By “inflexible” I mean there is no way for the user to easily improve task workflow in order to spend more time on value-added tasks directly benefiting patient and user. If an application requires a physician to click five times, four clicks of which are effortful and extraneous, there needs to be some sort of workflow or process editor to eliminate the four non-value added clicks that are wasting the physician’s time.

By “difficult to optimize with respect to process workflow”, I mean there is no way to systematically guide changes in EHR workflow so as to maximize patient satisfaction, clinical outcomes, and practice profitability goals. In contrast, processes driven by EHR workflow management systems can be analyzed through use of business process management (BPM) tools that suggestions ways to improve workflow processes. Workflow engines create workflow logs. These are step-by-step records of who clicked on what, when, where, and why. BPM tools can analyze these logs (through a technique called workflow or process mining) and suggest better workflows that will minimize non-value added tasks. This in turn frees human resources to be reallocated to value-added tasks that contribute to happier, healthier patients and greater take home income.

OK, fair enough, EHRs will need to incorporate WfMS technology. Why can’t EHR vendors just add workflow engines, process definitions, workflow logs, and process mining to existing EHRs? The word “workflow” has certainly been an EHR industry buzzword for the last five years. However, in the marketing din “workflow” has become almost meaningless.
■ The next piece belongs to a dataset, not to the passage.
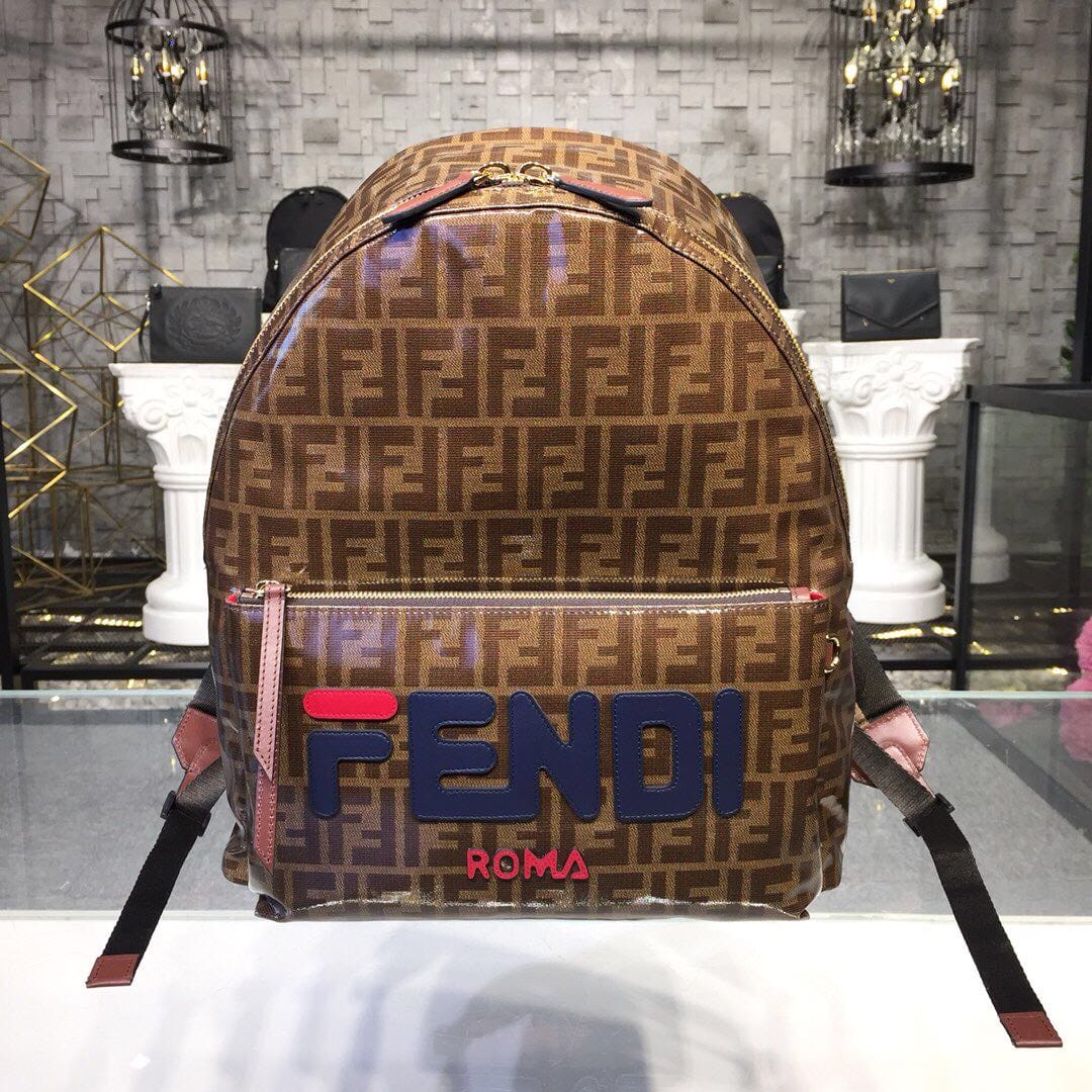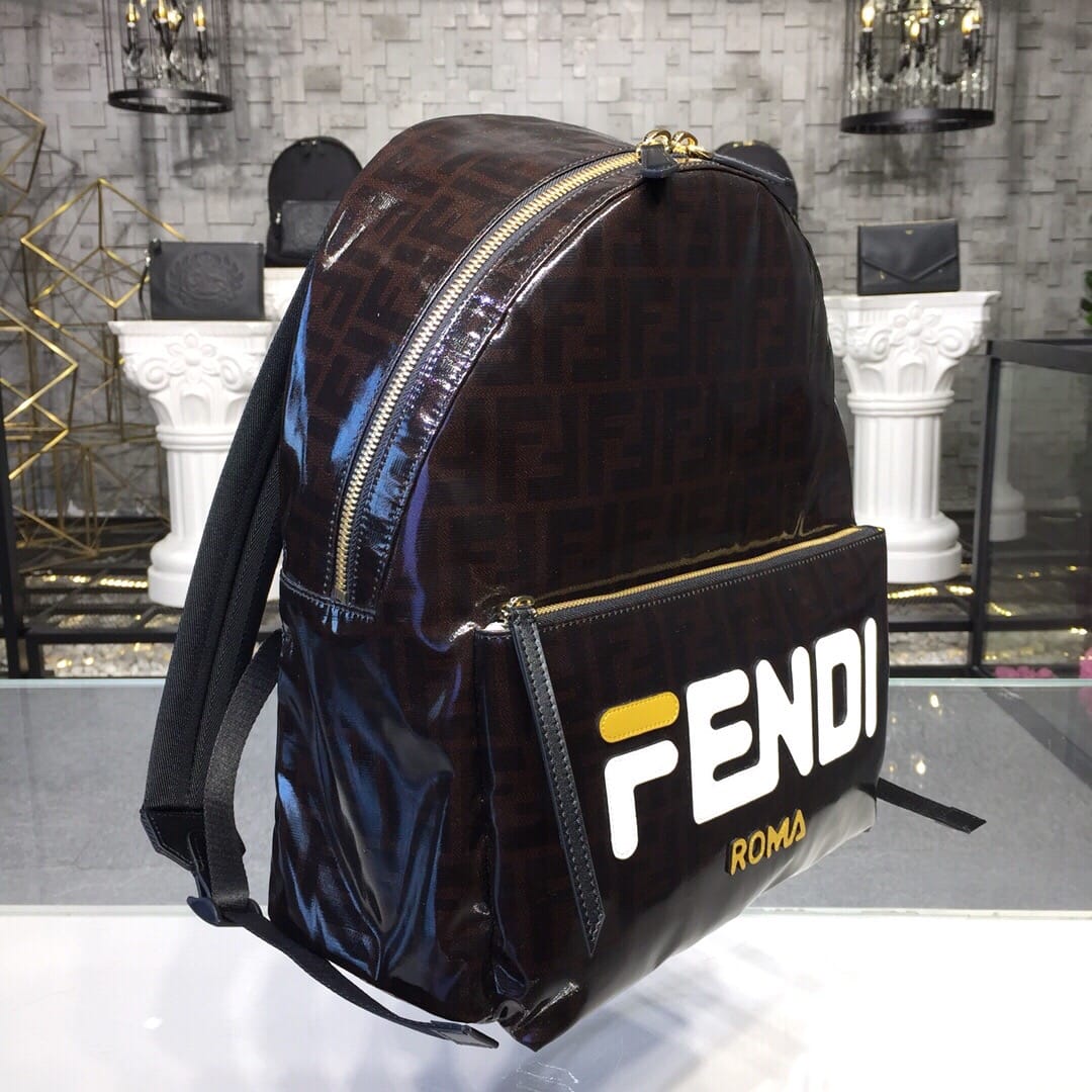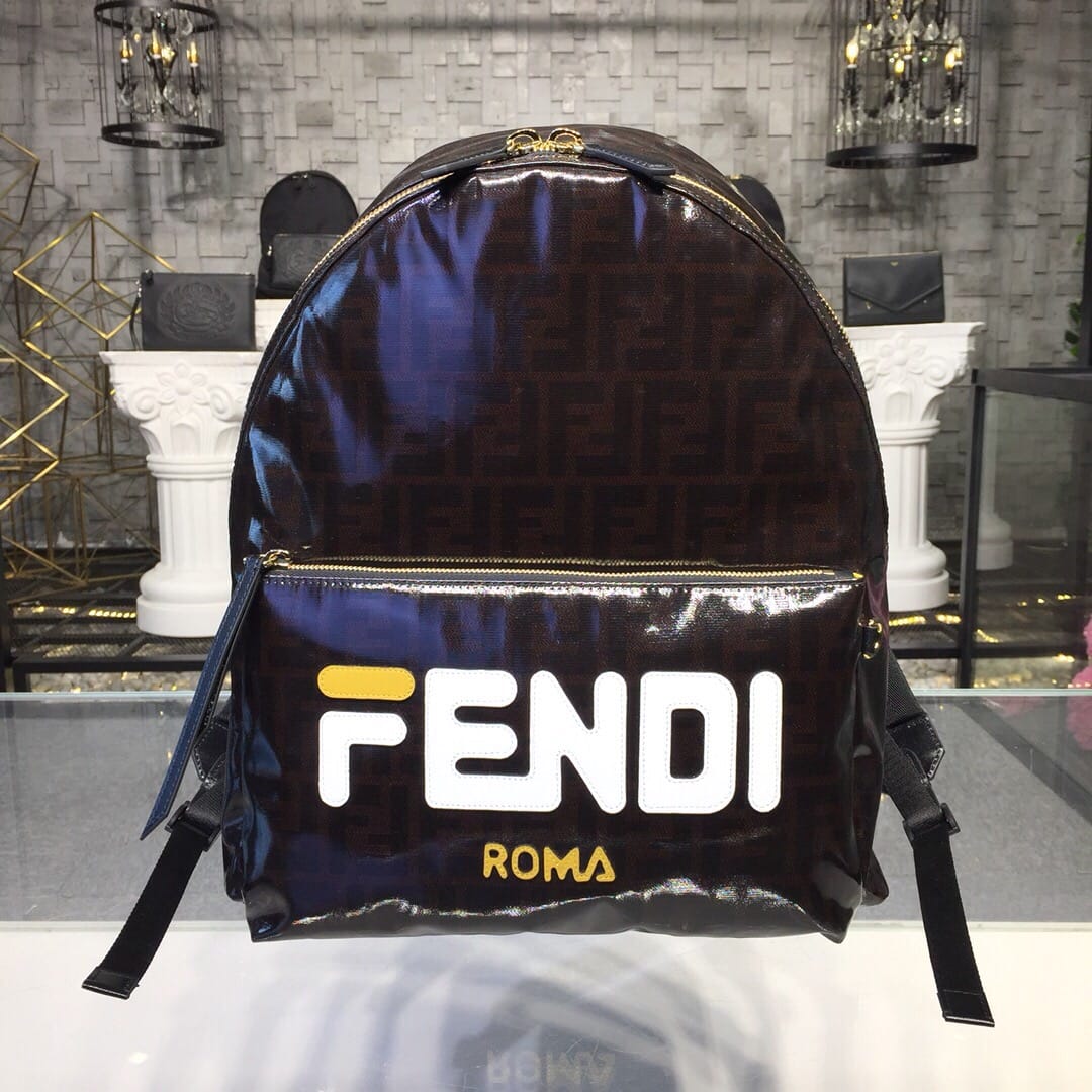 Mania logo背包。顶部有弧状手柄??双向拉链、金色五

Yes, addition of messaging facilitates person-to-person coordination; interfaces make application-to-application coordination possible; and patient tracking is about coordinating the most important resource of all, patients. While these added capabilities can improve workflow, they aren’t workflow management. A workflow management system by definition requires a workflow engine that consults workflow or process definitions to drive tasks to people and applications. Tacking on messaging, interfaces, and tracking is a lot easier than picking up an EHR that does not rest on a workflow management system and then inserting beneath it a fully fledged workflow management system foundation, with its powerfully directive workflow engine, powerfully customizable process definitions, and powerfully analyzable workflow log.

Here is one way to think about “adding” a workflow management system to an existing EHR. When you look at a non-WfMS-based EHR you are looking at screens that are the result of a human programmer creating areas that will contain buttons and menus and so on, then placing these buttons and menus in these areas, and then connecting those buttons up with various functions and procedures that have also been created by a human programmer. This is why we need programmers in the first place; if it could be done more easily or less expensively we’d do it that way instead.

This is in fact what a workflow management system allows a non-programmer to do, to directly edit application workflow. Who creates the areas for the buttons, and then the buttons, and then connects the buttons with what happens when the buttons are pressed? The workflow management system does. You should now see why a workflow management system cannot simply be added to an existing computer application. The existing application was created by a human programmer. In order to add a workflow management system foundation you will have to replace the programmer with a workflow management system to regenerate the application. Therefore existing systems will need to be rewritten (by the very definition of how workflow management systems operate).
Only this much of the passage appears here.